Student reaction has been cautious. “I understand why this had to happen, but if we had to completely change the way we interpret the Honor Code, what does that say about us?” said an anonymous sophomore. “I think the change will be for the best; I think students highly respect the Honor Code already, but hopefully this move will help us to respect it even more.”
Walsh remains optimistic. “Our top priority is that student respect the HC to the full extent, and though it may take time, this is a necessary first step in the right direction. With this, we expect a lot from the student body as a whole. It’s imperative that the community begins to respond to true violations of the Honor Code.” •
If a student under the age of 21 is drinking, it’s breaking the law not a policy. Now, the guilt is simply taken away from the mass of the student body and the school can now truthfully say: “We abide by our honor code.” When in fact the school/students has now changed its famed honor code to cripple the foundations for what it once stood for. This is another sad change in the direction the college appears to be heading….
Jason,
I’d like to bring up a few ideas which might complicate your idea of what’s at stake here. You might find Simon Feldman’s speech to this year’s freshman class, Honor Code Ethics 101, an interesting discussion of what exactly we mean by an Honor Code, and certainly the way I think about this issue has been influenced by both this speech and its sister address at last spring’s sort-of-wonderful open forum on the Honor Code.
Basically, I think it’s important to realize that, essentially, the Honor Code as written and signed by all students only requires us to be true to our shared values (I’m paraphrasing), so it doesn’t really have any relation to law. Certainly, laws are important, but they’re not necessarily representative of our values — that’s why they’re modifiable. Drinking underage is almost never, and really shouldn’t be, a cause for guilt, provided it’s undertaken with some semblance of responsibility to one’s surroundings and neighbors.
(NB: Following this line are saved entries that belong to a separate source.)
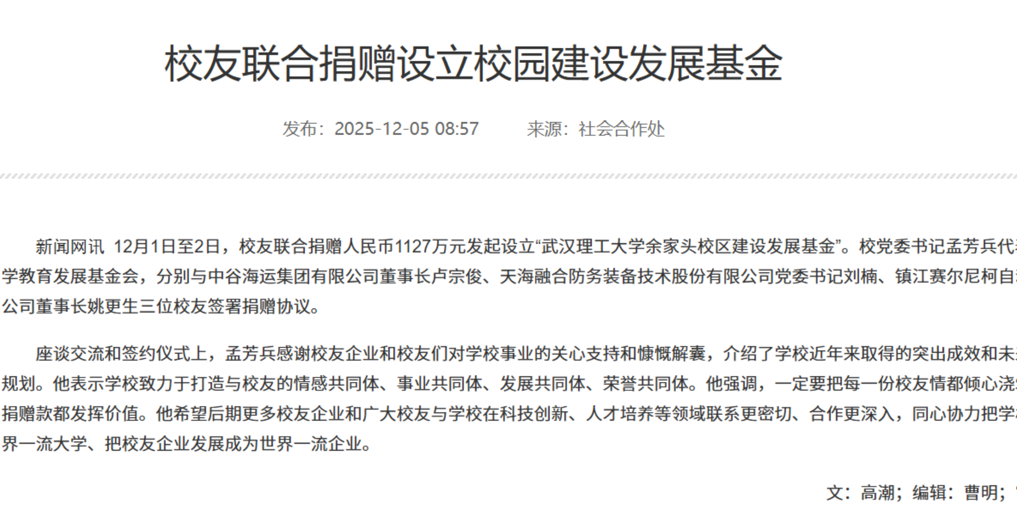 12月1日至2日,校友联合捐赠人民币1127万元发起设立“武汉理工大学余家头校区建设发展基金”。校党委书记孟芳兵代表武汉理工大学教育发展基金会,分别与中谷海运集团有限公司董事长卢宗俊、天海融合防务装备技术股份有限公司党委书记刘楠、镇江赛尔尼柯自动化股份有限公司董事长姚更生三位校友签署捐赠协议。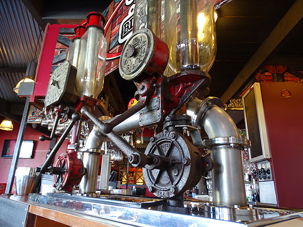 Pompe à bière créée à partir d'une pompe à essence rétro, pour l'enseigne "Little Big Jack"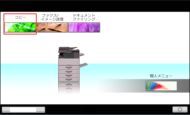 ①ホーム画面の[コピー]を押してください。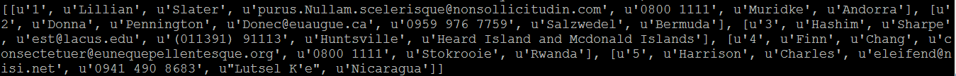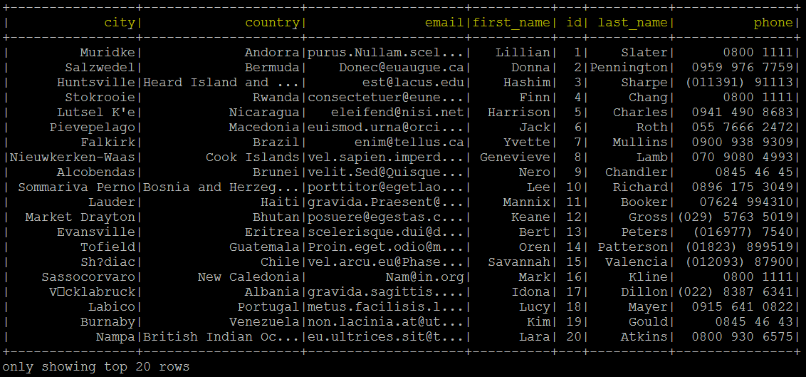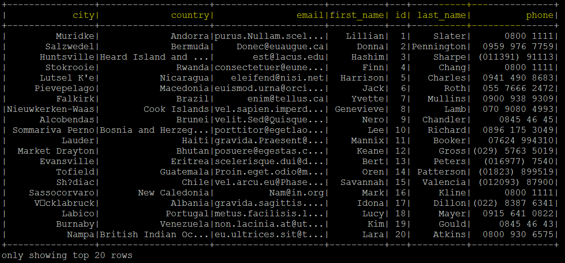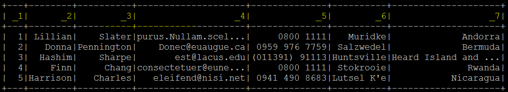 id,first_name,last_name,email,phone,city,country 1,Lillian,Slater,purus.Nullam.scelerisque@nonsollicitudin.com,0800 1111,Muridke,Andorra 2,Donna,Pennington,Donec@euaugue.ca,0959 976 7759,Salzwedel,Bermuda 3,Hashim,Sharpe,est@lacus.edu,(011391) 91113,Huntsville,Heard Island and Mcdonald Islands 4,Finn,Chang,consectetuer@eunequepellentesque.org,0800 1111,Stokrooie,Rwanda 5,Harrison,Charles,eleifend@nisi.net,0941 490 8683,Lutsel K'e,Nicaragua 6,Jack,Roth,euismod.urna@orciin.net,055 7666 2472,Pievepelago,Macedonia 7,Yvette,Mullins,enim@tellus.ca,0900 938 9309,Falkirk,Brazil 8,Genevieve,Lamb,vel.sapien.imperdiet@Etiam.net,070 9080 4993,Nieuwkerken-Waas,Cook Islands 9,Nero,Chandler,velit.Sed@Quisque.org,0845 46 45,Alcobendas,Brunei 10,Lee,Richard,porttitor@egetlaoreetposuere.ca,0896 175 3049,Sommariva Perno,Bosnia and Herzegovina
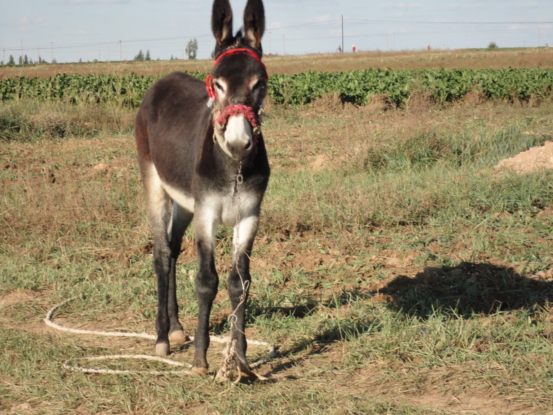 在微微泛青的草地上,一头毛驴头系着红色的缰绳,灰色的毛和红色的缰绳搭配的很是完美。这头毛驴好像发生了什么事情,目视前方,两只大耳竖得直挺挺的。是不是前方有敌情,还是什么?看起来它还很警觉,保护自己的的意识到挺强。辽阔的草地似乎归它所有,它可以随处走动。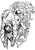 vogelförmiger Außerirdischer mit Terraner auf Schultern |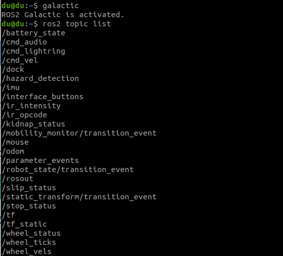 ros2 topic list를 했을때 다음처럼 ROS2 토픽이 보이면 create3는 설치가 완료된 것입니다.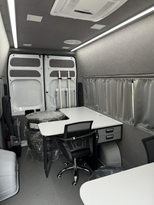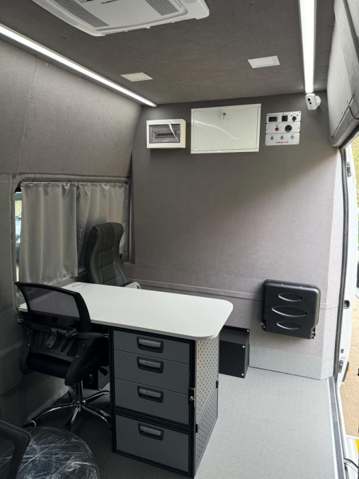 Указывается, что автомобиль оборудован всем необходимым для комфортной работы администраторов и посетителей. Внутри него встроена мебель, отопление, кондиционеры и удобный пандус для людей с инвалидностью и посетителей старшего возраста.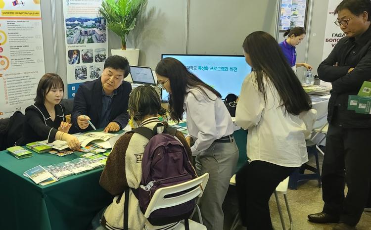±¤ÁÖ´ëÇб³ ±¹Á¦Çù·Âó Á÷¿øµéÀº À̹ø Àü½Ãȸ¿¡¼ Çлýµé¿¡°Ô Çб³ ¼Ò°³¿Í ÀÔÇÐ ¹æ¹ýÀÌ µé¾î°¡ ÀÖ´Â È«º¸ ÆÊÇ÷¿À» Á¦°øÇϰí, »ó´ã ÈÄ¿¡´Â ±¤ÁÖ´ë ±â³äǰ(º¼Ææ, ¶óÀÌÆ¼ ±×¸³Åå)À» Á¦°øÇß´Ù.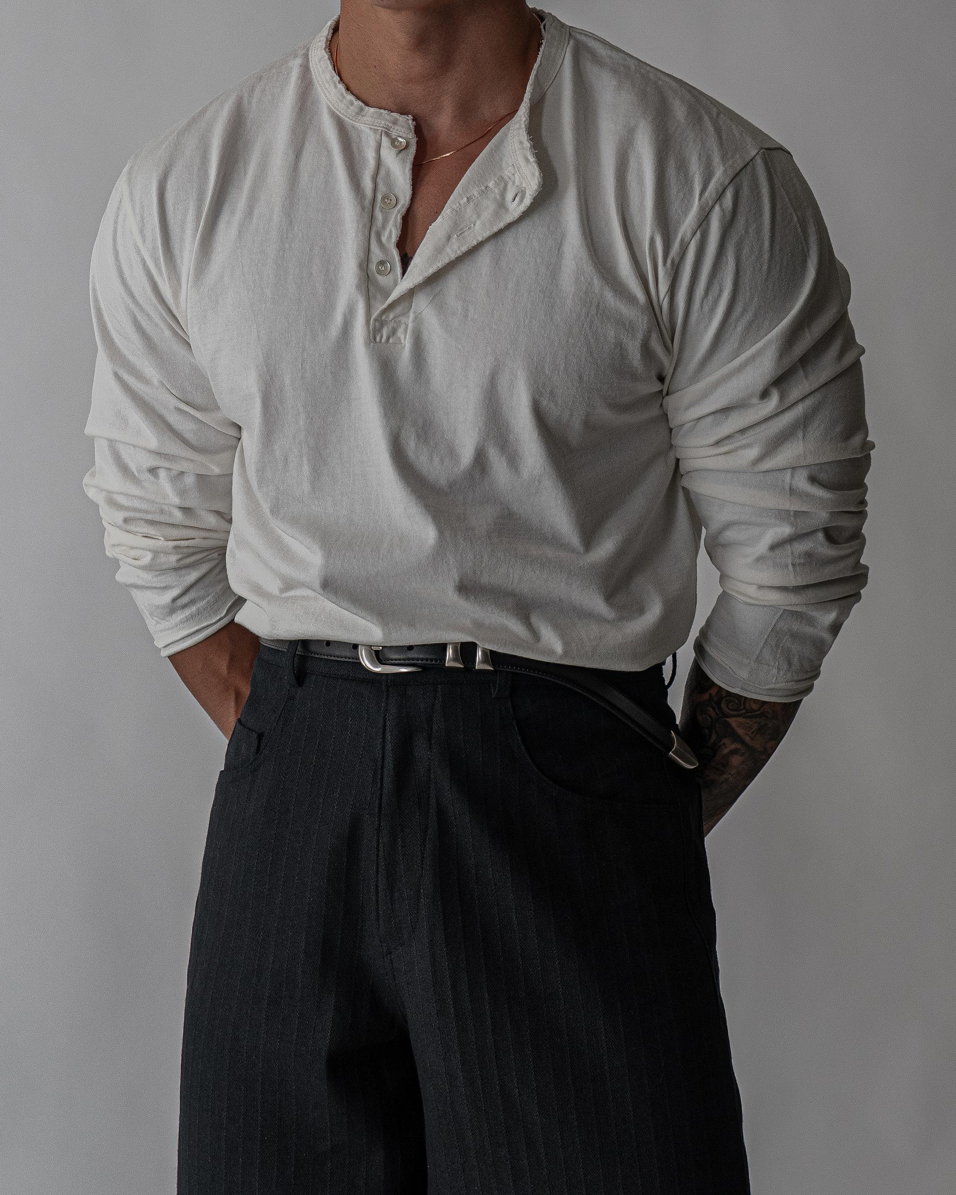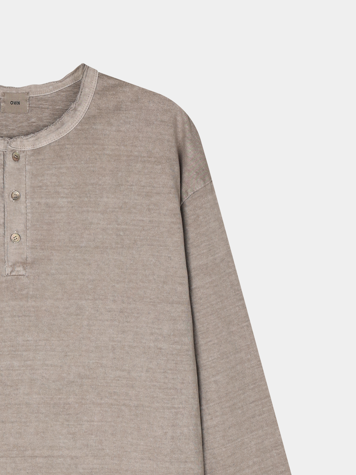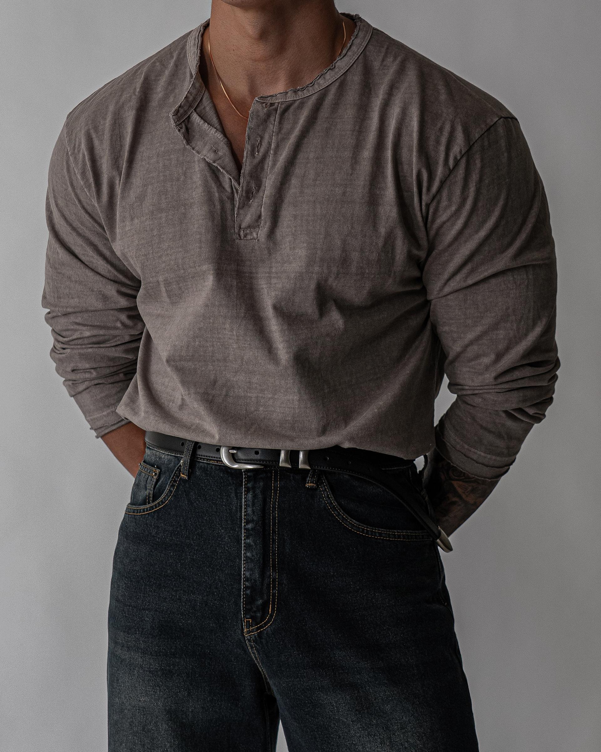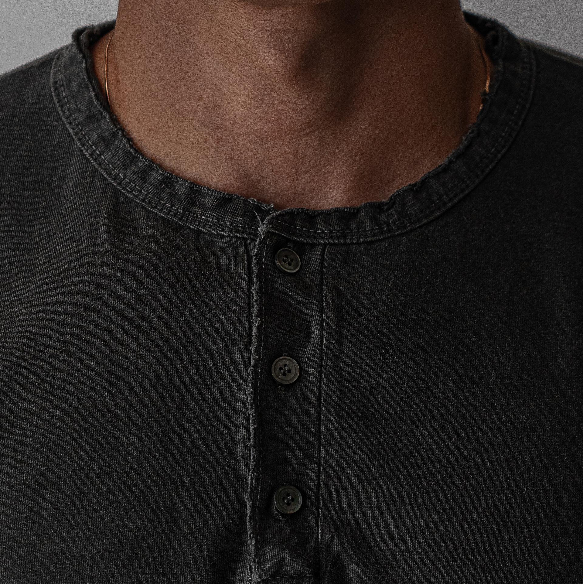 - 유니크한 컬러감과 데미지 디테일의 헨리넥 티셔츠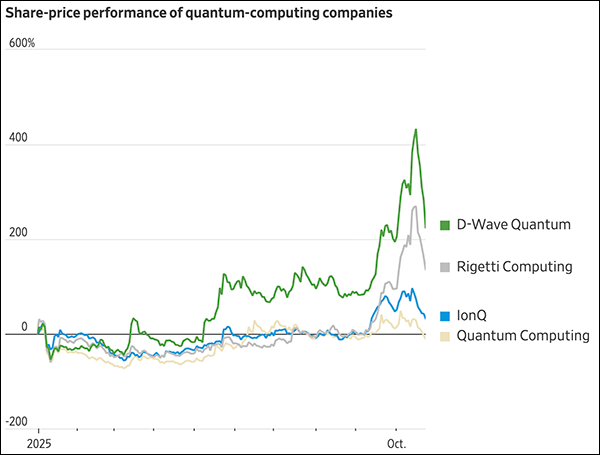几家量子计算公司今年来的股价表现 《华尔街日报》制图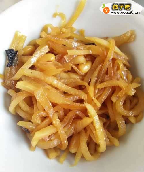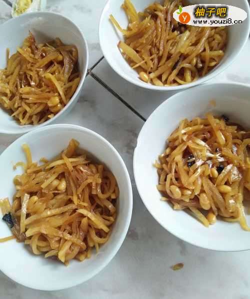 11等旱萝卜炒熟,黄豆也炒熟后,就可以出锅了,虽然菜比较简单,但辣辣的,很好吃。

So to distinguish our values from our laws is actually valuable, as it relieves our laws of the burden of living up to our values. It also highlights the difference — values indicate how we want ourselves to behave, laws dictate how we cannot behave. So when someone sees the Honor Council, he is there because he isn’t living up to the tenets mutual respect we all pledged to uphold, in vague and florid language, when we matriculate. Prohibition of underage drinking is not a value I share, and as both last year’s forum and this year’s task force have concluded, it’s not a value most students share. However, it’s still a law, and this, I suppose, is why it’s still prohibited — thus Student Conduct Board.
I don’t view the distinction as a “sad change.” Instead, I see it as a positive reflection of some valuable and thorough thought into what constitutes honor. Honor isn’t really about respect for rules, it’s about respect for communities and colleagues. To distinguish between the Honor Code and school rules is a tacit acknowledgement that we all live under rules which are not necessarily reflective of our personal or shared beliefs, and don’t need to be reflective of them. While it doesn’t really effect any tangible change, it does illustrate something valuable — we have the ability to change laws precisely because they are NOT shared values, and thus we are free to disagree without being “guilty.” It’s the difference between a speed limit and the First Amendment.